3. Mr. Venugopalachari referred to the decision in Vaughan v. Vaughan, 1953 1 QB 762, for his contention that after a decree for divorce is passed the wife had no right to continue to reside in the matrimonial home. There, when the respondent (husband) left the matrimonial home, he told the wife that she could live there. That was construed to be a promise with reference to the continued state of matrimony between the parties and not a promise which would hold good after the parties had become divorced. The promise made in Ex. D-l here was made in anticipation of a decree for divorce being passed and specifically was intended to cover the provision to be made for the wife after she obtained divorce. That decision would not, therefore, apply here.

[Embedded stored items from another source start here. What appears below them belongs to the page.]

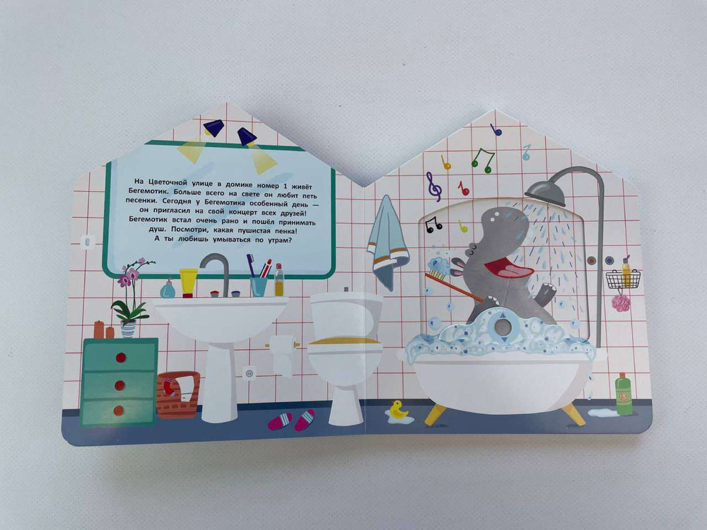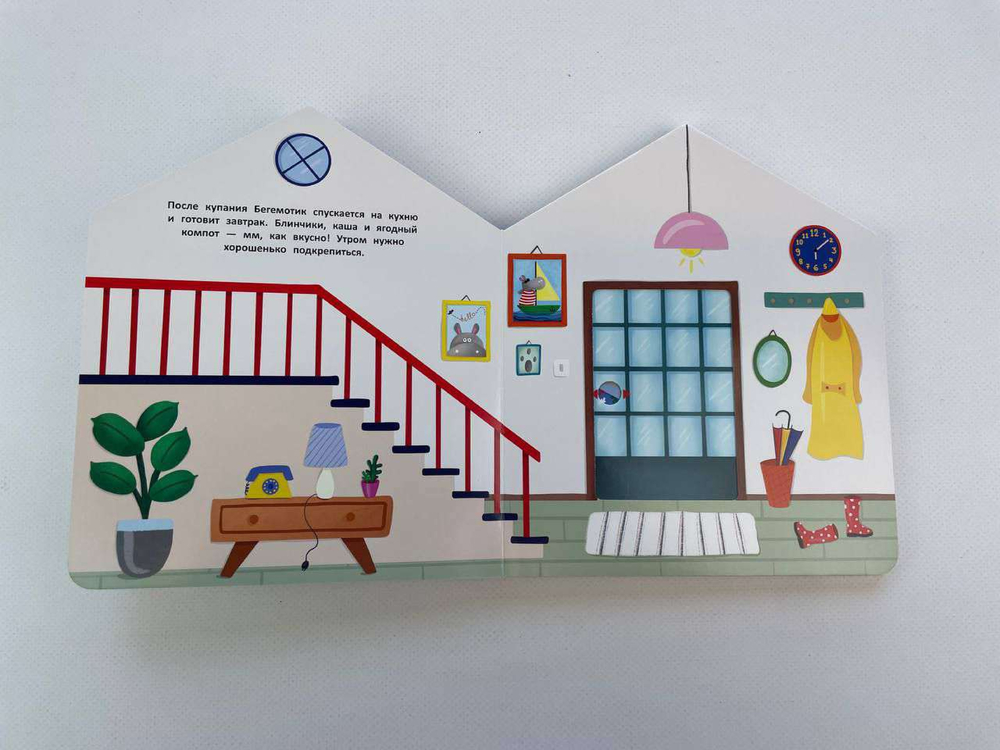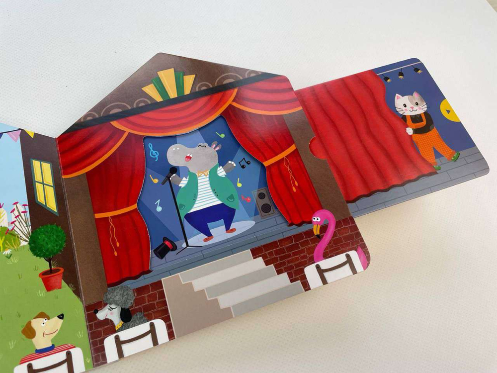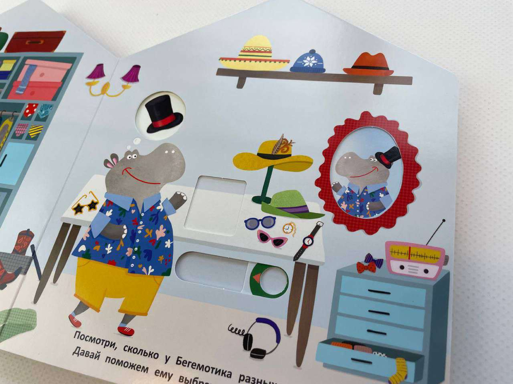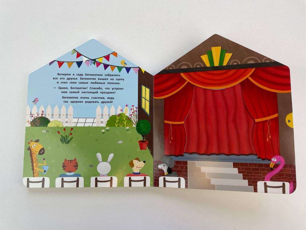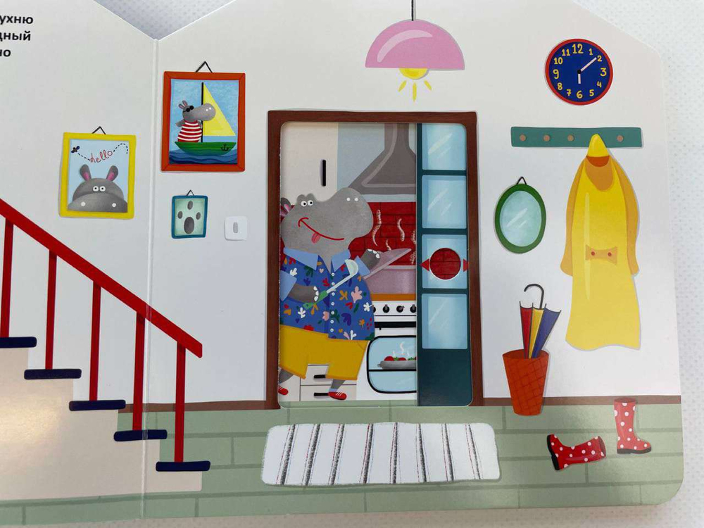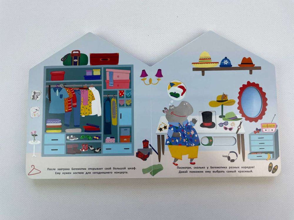 В этой интерактивной книжке-игрушке много сюрпризов: малыш сможет заглянуть в каждую комнату домика и узнать, чем любит заниматься дружелюбный хозяин. А ещё открыть шкафчик, выбрать наряд и позвать друзей на концерт.
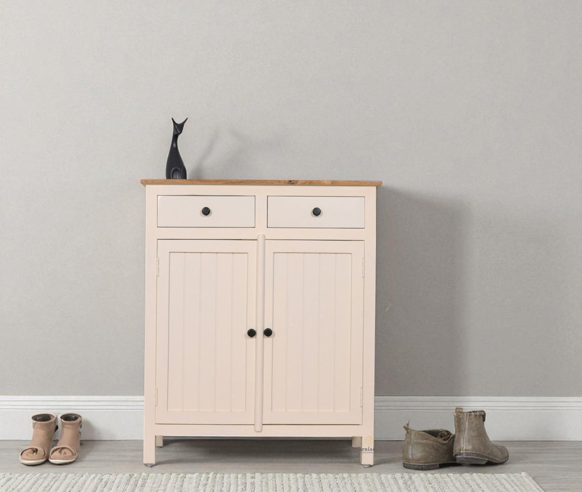 Generic Name: Spain Solid Mango Wood Shoe Rack Cabinet- 2 Doors & 2 Drawers
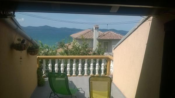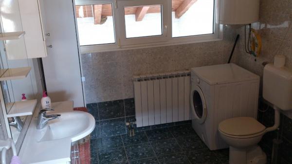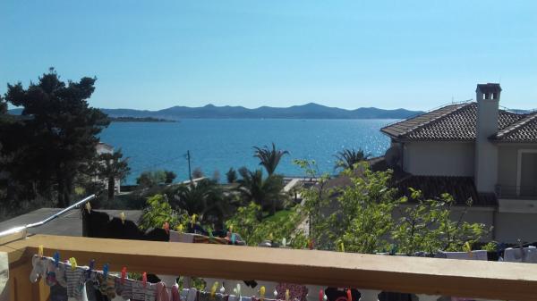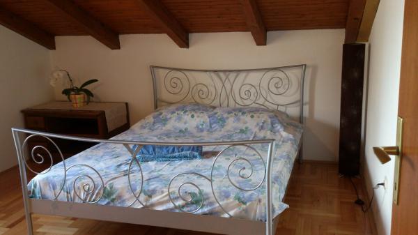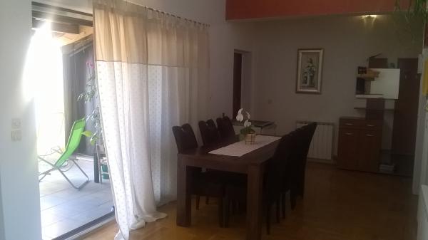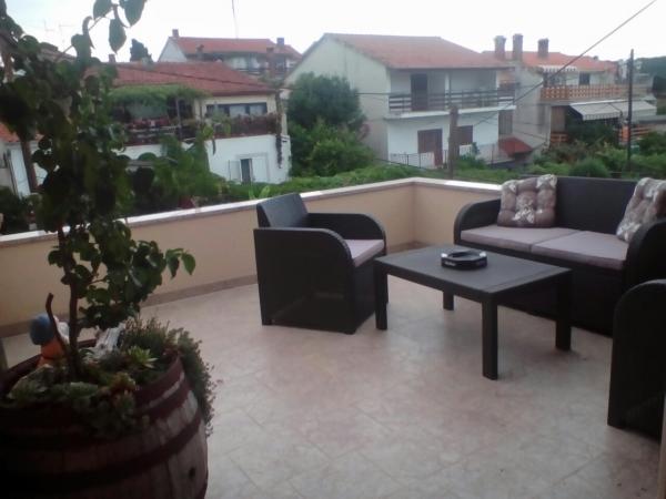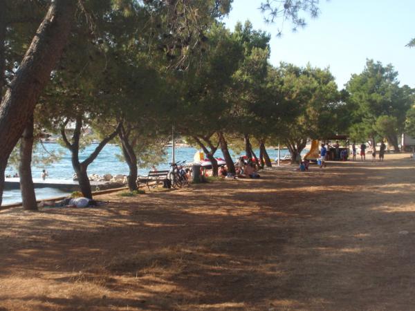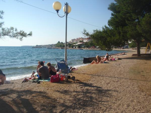 Apartament znajduje się na poddaszu domu, 125 m2, około 50 m od morza. Ma trzy sypialnie, łazienka, duży salon z kominkiem, klimatyzacja, w pełni wyposażona kuchnia i dwa duże balkony. W razie potrzeby, istnieje również łóżeczko i krzesełko dla dziecka. Parking dla samochodów na podwórku przed apartamentów, zwierzęta są mile widziane.
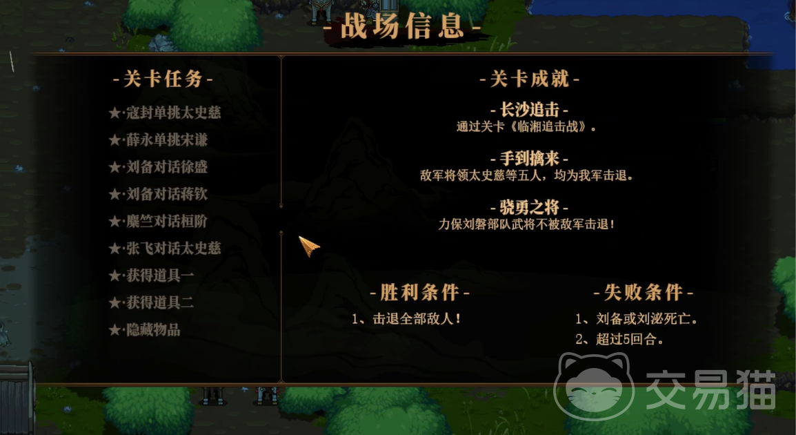 大家先来看一下获胜的条件吧,首要获胜条件便是击退所有对手,然后主要人物刘备、刘泌不能阵亡,并且回合数要控制在五个之内。所以要求还是颇为苛刻,另外还要保证刘磐部队不会被击退,最终才可解锁所有成就!
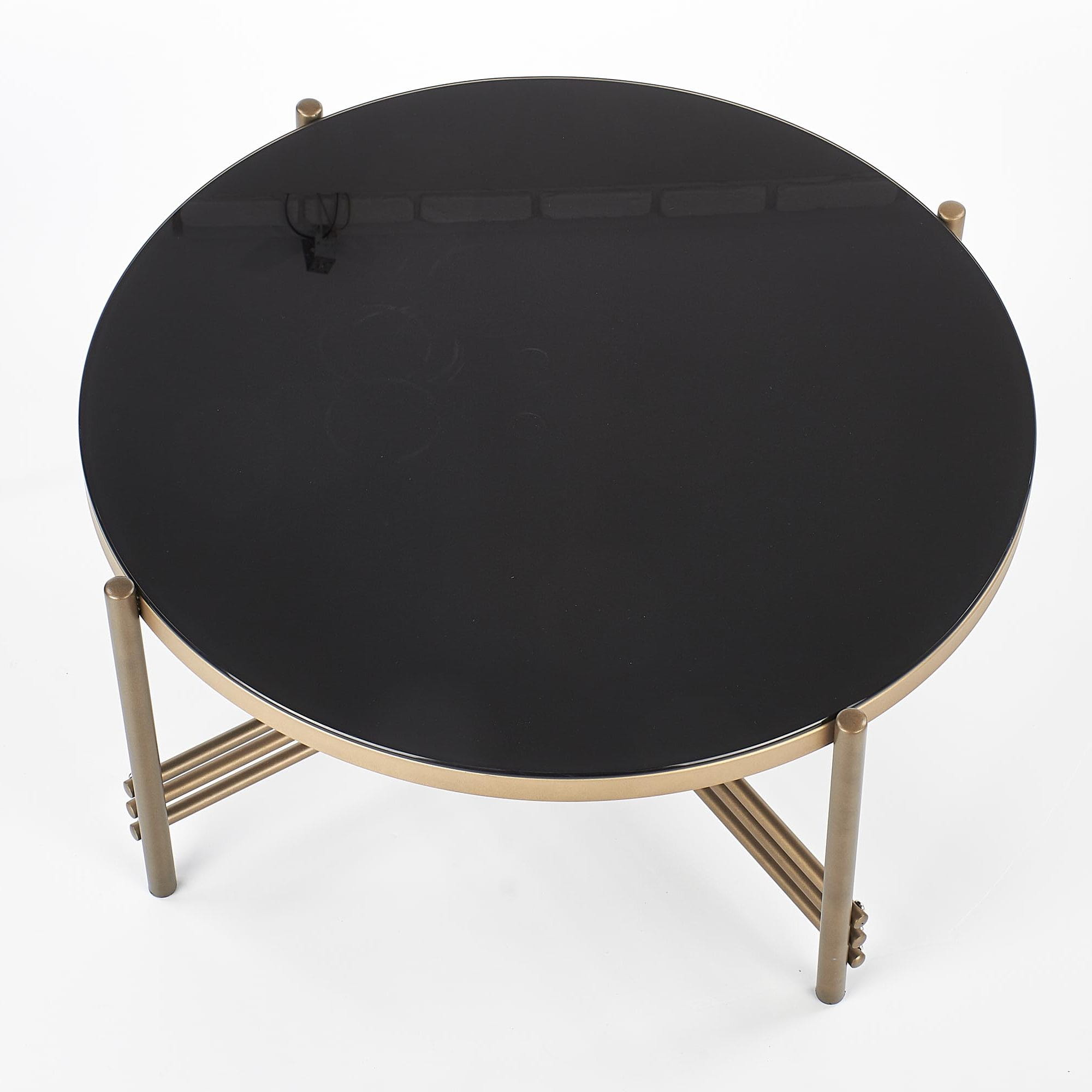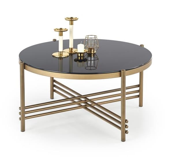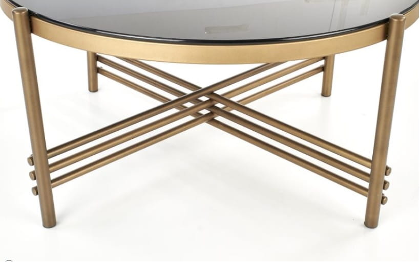 Szklana ława jest zawsze minimalistycznym rozwiązaniem! Nawet, gdy wyróżnia się oryginalnym designem, kolorystyką i zdobieniami, to dzięki zastosowanemu materiałowi cechuje ją niebywała lekkość. Optycznie - nie przytłacza! Jest subtelna i delikatna. Jednocześnie podkreśla ona nowoczesny charakter wystroju wnętrza, któremu dodatkowego szyku dodaje ciekawa, złota konstrukcja pod blatem okrągłego stolika. Ten okrągły stół dość solidnych wymiarów (średnica aż 80 cm) - prezentuje się bardzo efektownie!
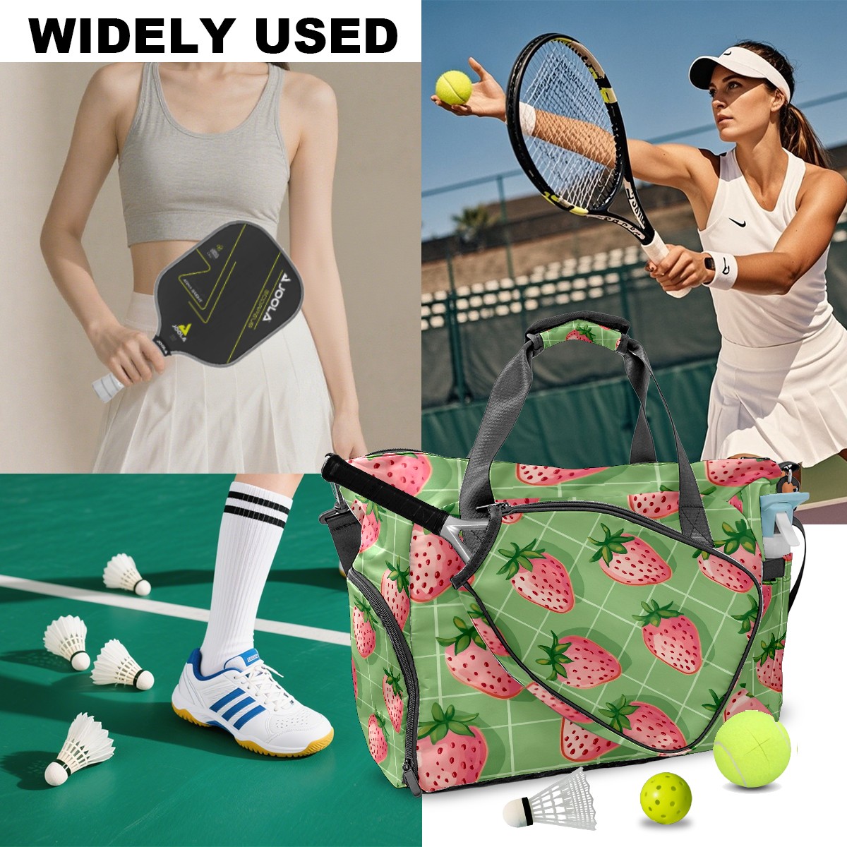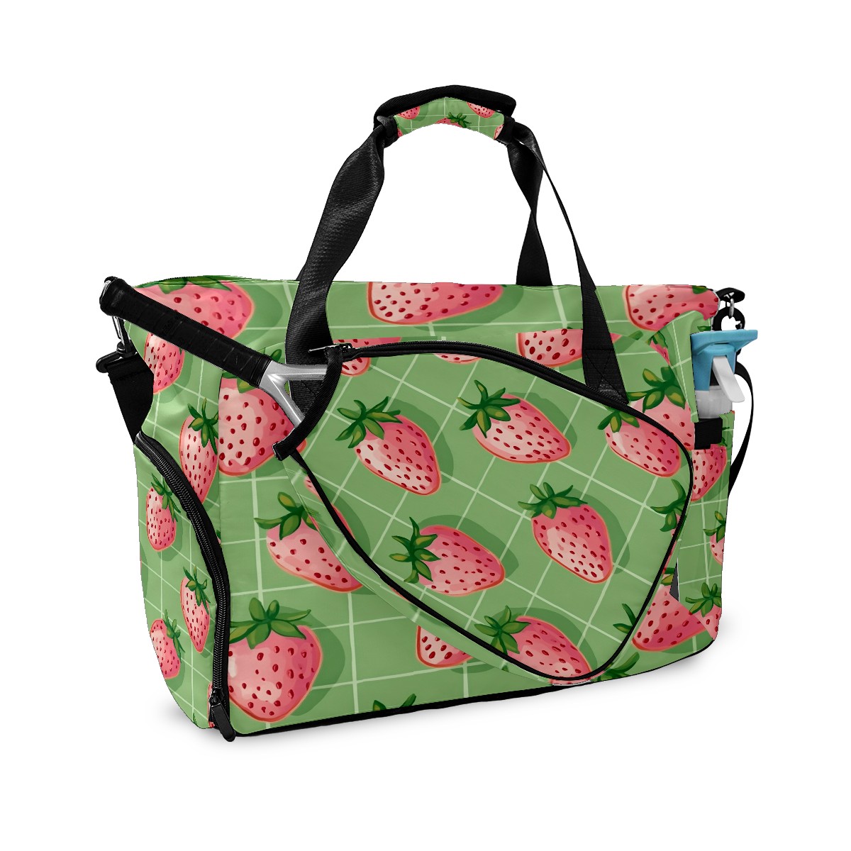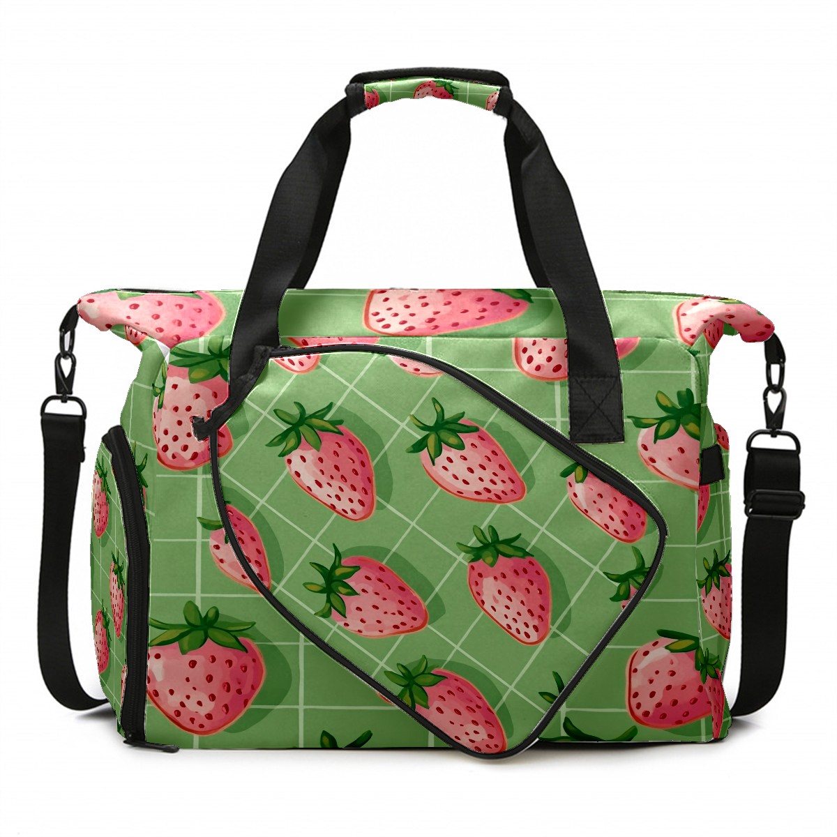 Pickleball Tote Bag Carryall for Paddles Balls and Accessories, Portable Lightweight Gear Bag for Players(Pink Strawberries)

Lastly Mr. Venugopalachari attempted to say that by recognising the right Of the wife to reside in the house on the strength of Ex. D-l which would amount to a contractual licence this Court would be adding to the decree granted by the divorce judge. I do not agree, I do not wish to say anything which could give a handle for either party to attempt any amendment of the decree for divorce. But this much is clear to me that the divorce decree itself was based on the assumption that both the parties were willing to accept the terms set out in Ex. D-l. In asserting her right to remain in possession of the house the petitioner is not, therefore, exercising any rights accorded to her 'by the decree. She is only exercising the right conferred upon her by the husband by the contractual licence contained in Ex. D-l which was fully supported by consideration in view of the fact that the wife accepted it and acted upon it and invited the divorce Court also to act upon it. The decree of the learned Judge is therefore wrong. The revision petition is allowed and the suit filed by the husband is dismissed.

4. No costs either here or in the Court of Small Causes.